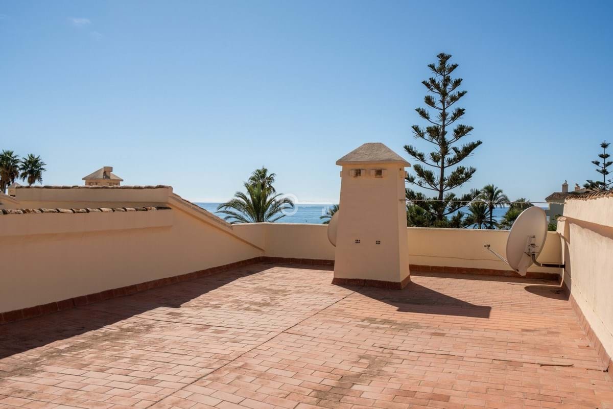 This apartment is situated in a prestigious, gated first-line beach community with extensive, beautifully maintained gardens. It enjoys lovely views of the sea and the surrounding greenery. The south-facing orientation provides plenty of natural light, and the balcony is a perfect spot to relax and enjoy the view. Inside, a cozy fireplace adds a welcoming touch. The community offers excellent facilities, including a tennis court, a paddle court, a social club, and two swimming pools.
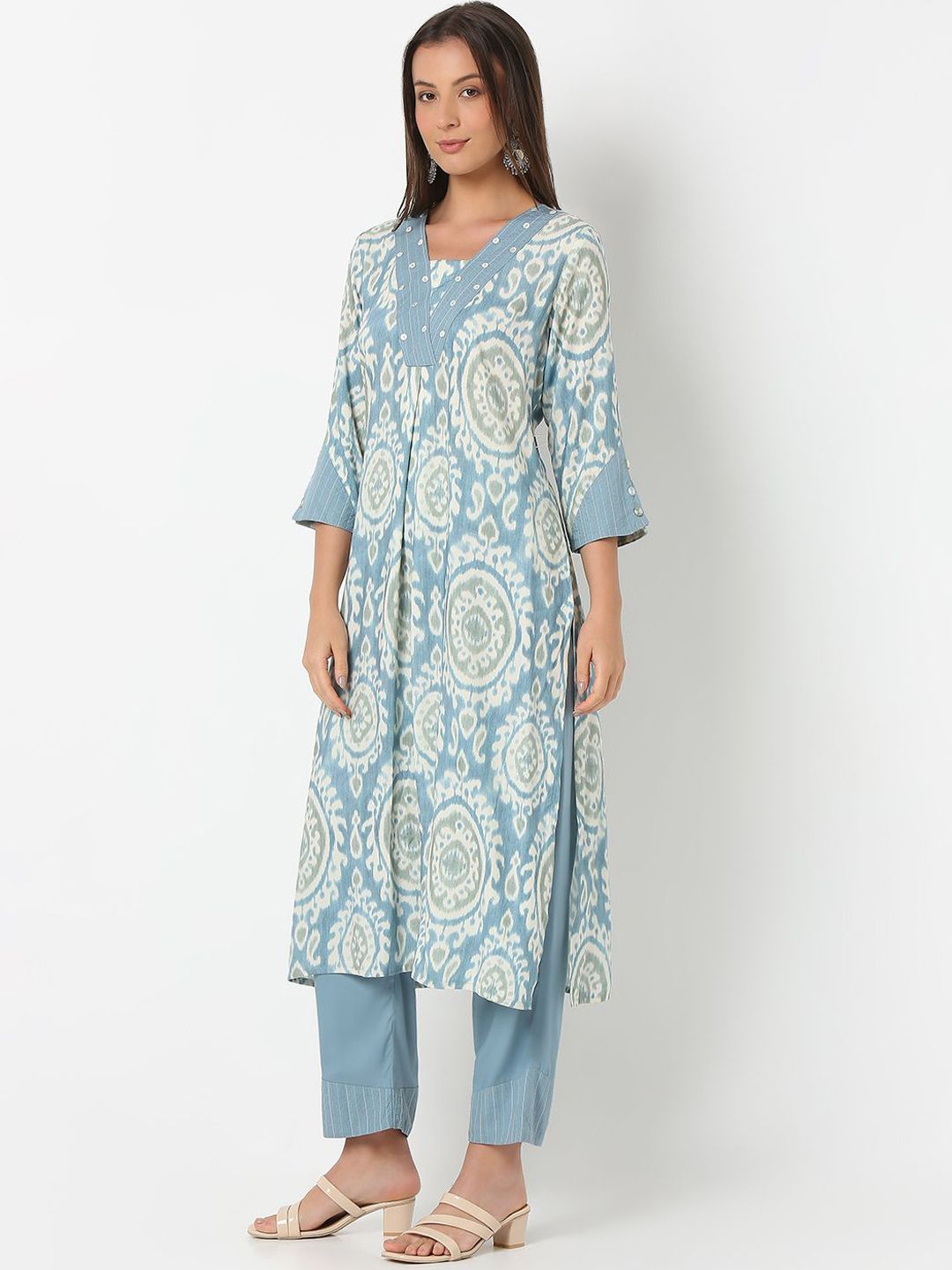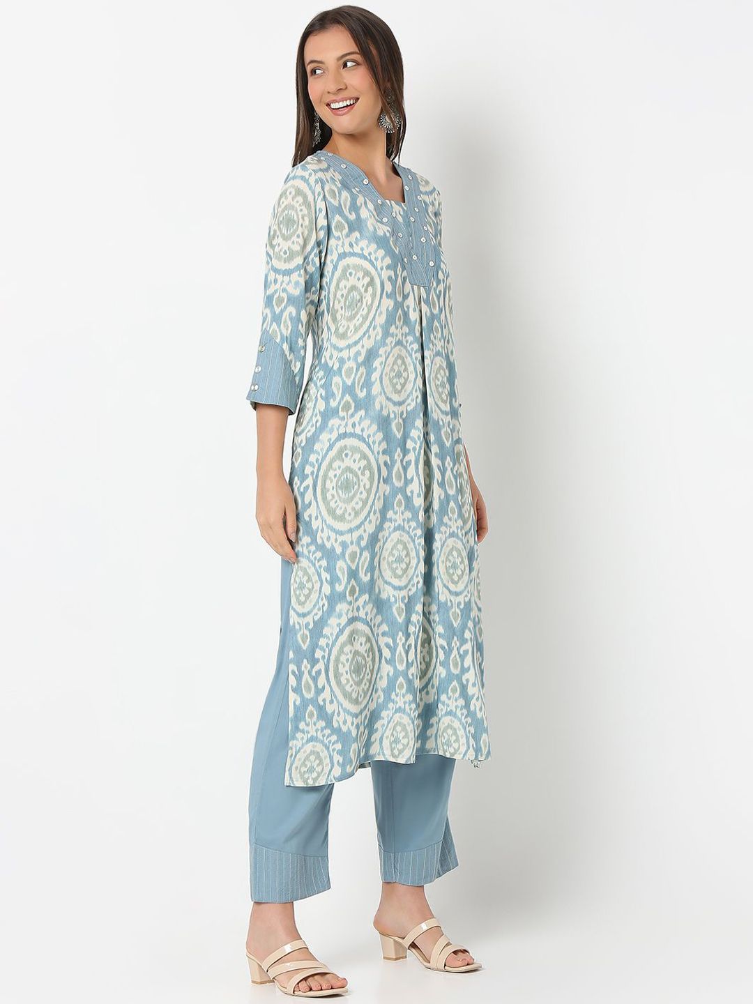 NYLANGAN Women Ethnic Motifs Printed Cotton Kurta with Trousers
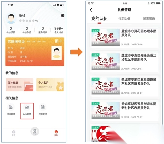 3、进入【我的】界面,点击【队伍管理】,即可查看自己加入过的队伍、处于待定状态的队伍以及脱离队伍的记录。
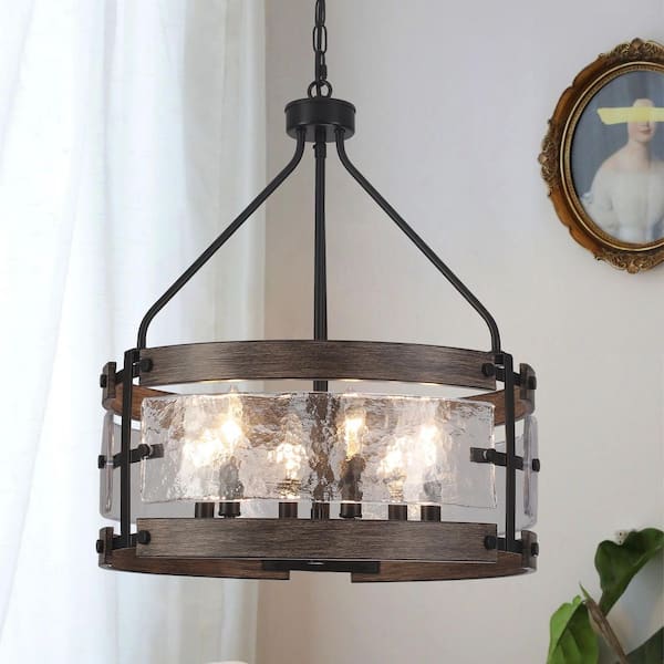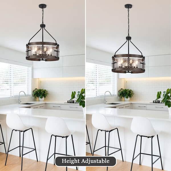 6-Light Black and Imitation Wood Grain Farmhouse Candle Chandelier, Adjustable Height Pendant Light
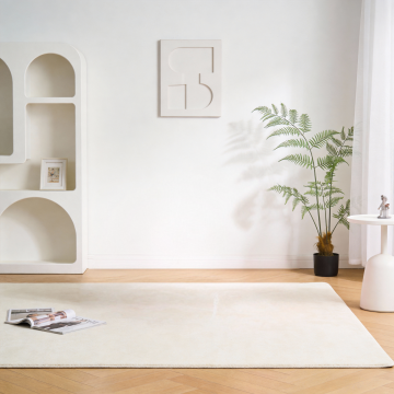 现代极简风格的客厅场景,以浅灰色调为主的现代家具布置,画面聚焦于铺在浅灰色瓷砖地面上的浅灰色条纹地毯特写,地毯表面有细腻的竖条纹纹理和柔软的编织质感,占据画面下方大部分区域;背景中可见浅灰色布艺沙发,搭配几个同色系的靠垫,沙发旁有一个圆形金属边框的小茶几,靠墙处有一个简约的灰色搁板,上面放置一个小型装饰画框;右侧是大面积的落地窗,透过轻薄的白色纱帘洒入明亮柔和的自然光,光线在地毯和地面上形成自然的光影过渡,窗外可见模糊的绿色植物,整体营造出宁静、整洁、高级的现代家居氛围,空间感开阔,线条简洁,色彩统一和谐,具有清晰的视觉层次和舒适的居住感。
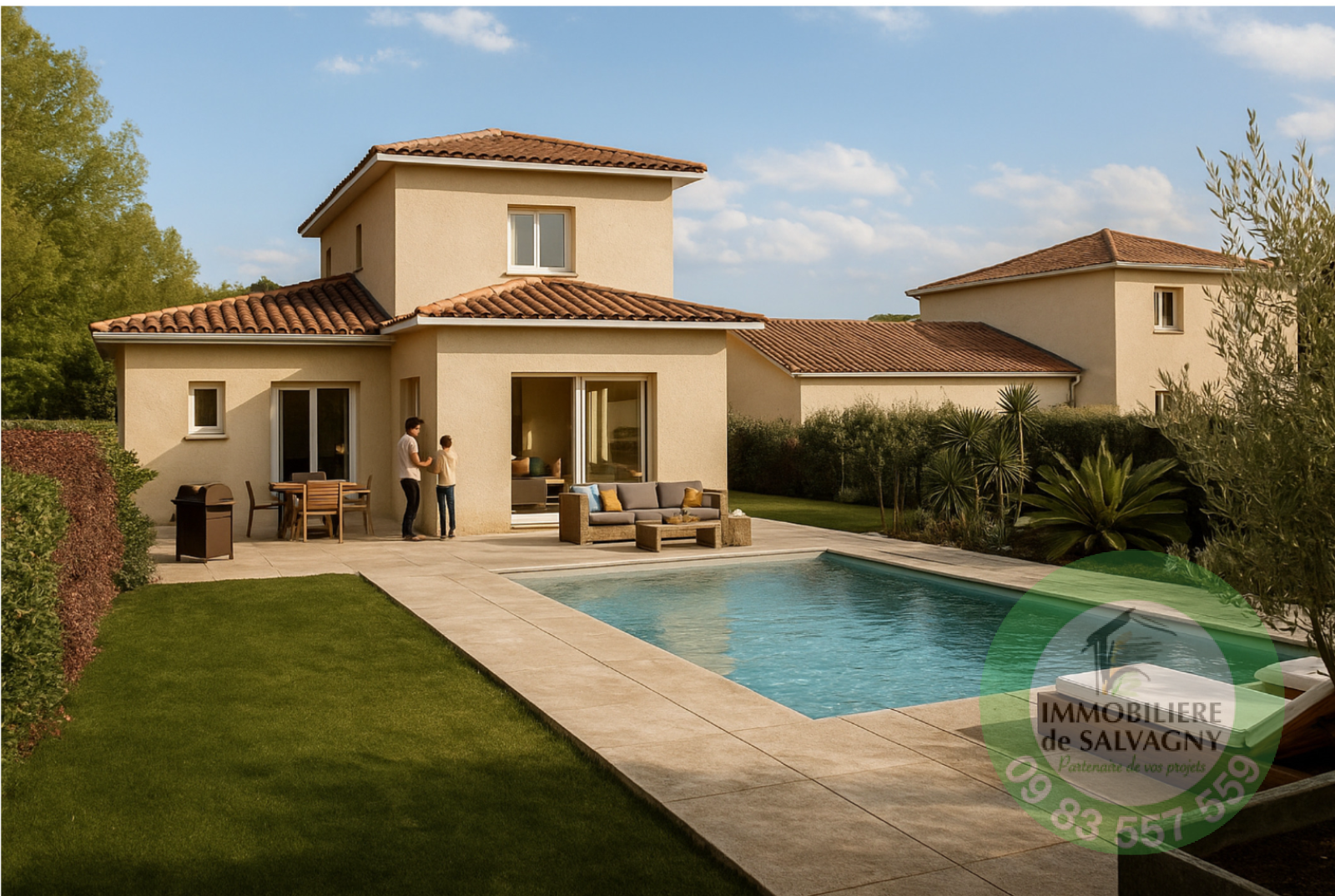 Immobilière de Salvagny vous propose l'opportunité d'acquérir un terrain à bâtir de 862 m² pour la construction d'une maison individuelle (secteur pavillonnaire - hors lotissement). Classé en zone URi2C avec une emprise au sol de 20%. Orientation plein SUD. Situé à moins de 5 mn à pied des bus et de la navette pour la gare. Vu avec notre partenaire, nous tenons à votre disposition un projet complet (visuels, plans,...) pour une maison de 130 m² habitables (4 chambres dont une suite parentale au rez-de-chaussée) + garage. Renseignements et visites : Sylvie Machado - Immobilière de Salvagny by Pierrefeu Immobilier.

_ _ _ _ _ _ _

I would like the data above transcribed exactly, with its pictures left out.

 This apartment is situated in a prestigious, gated first-line beach community with extensive, beautifully maintained gardens. It enjoys lovely views of the sea and the surrounding greenery. The south-facing orientation provides plenty of natural light, and the balcony is a perfect spot to relax and enjoy the view. Inside, a cozy fireplace adds a welcoming touch. The community offers excellent facilities, including a tennis court, a paddle court, a social club, and two swimming pools.
 NYLANGAN Women Ethnic Motifs Printed Cotton Kurta with Trousers
 3、进入【我的】界面,点击【队伍管理】,即可查看自己加入过的队伍、处于待定状态的队伍以及脱离队伍的记录。
 6-Light Black and Imitation Wood Grain Farmhouse Candle Chandelier, Adjustable Height Pendant Light
 现代极简风格的客厅场景,以浅灰色调为主的现代家具布置,画面聚焦于铺在浅灰色瓷砖地面上的浅灰色条纹地毯特写,地毯表面有细腻的竖条纹纹理和柔软的编织质感,占据画面下方大部分区域;背景中可见浅灰色布艺沙发,搭配几个同色系的靠垫,沙发旁有一个圆形金属边框的小茶几,靠墙处有一个简约的灰色搁板,上面放置一个小型装饰画框;右侧是大面积的落地窗,透过轻薄的白色纱帘洒入明亮柔和的自然光,光线在地毯和地面上形成自然的光影过渡,窗外可见模糊的绿色植物,整体营造出宁静、整洁、高级的现代家居氛围,空间感开阔,线条简洁,色彩统一和谐,具有清晰的视觉层次和舒适的居住感。
 Immobilière de Salvagny vous propose l'opportunité d'acquérir un terrain à bâtir de 862 m² pour la construction d'une maison individuelle (secteur pavillonnaire - hors lotissement). Classé en zone URi2C avec une emprise au sol de 20%. Orientation plein SUD. Situé à moins de 5 mn à pied des bus et de la navette pour la gare. Vu avec notre partenaire, nous tenons à votre disposition un projet complet (visuels, plans,...) pour une maison de 130 m² habitables (4 chambres dont une suite parentale au rez-de-chaussée) + garage. Renseignements et visites : Sylvie Machado - Immobilière de Salvagny by Pierrefeu Immobilier.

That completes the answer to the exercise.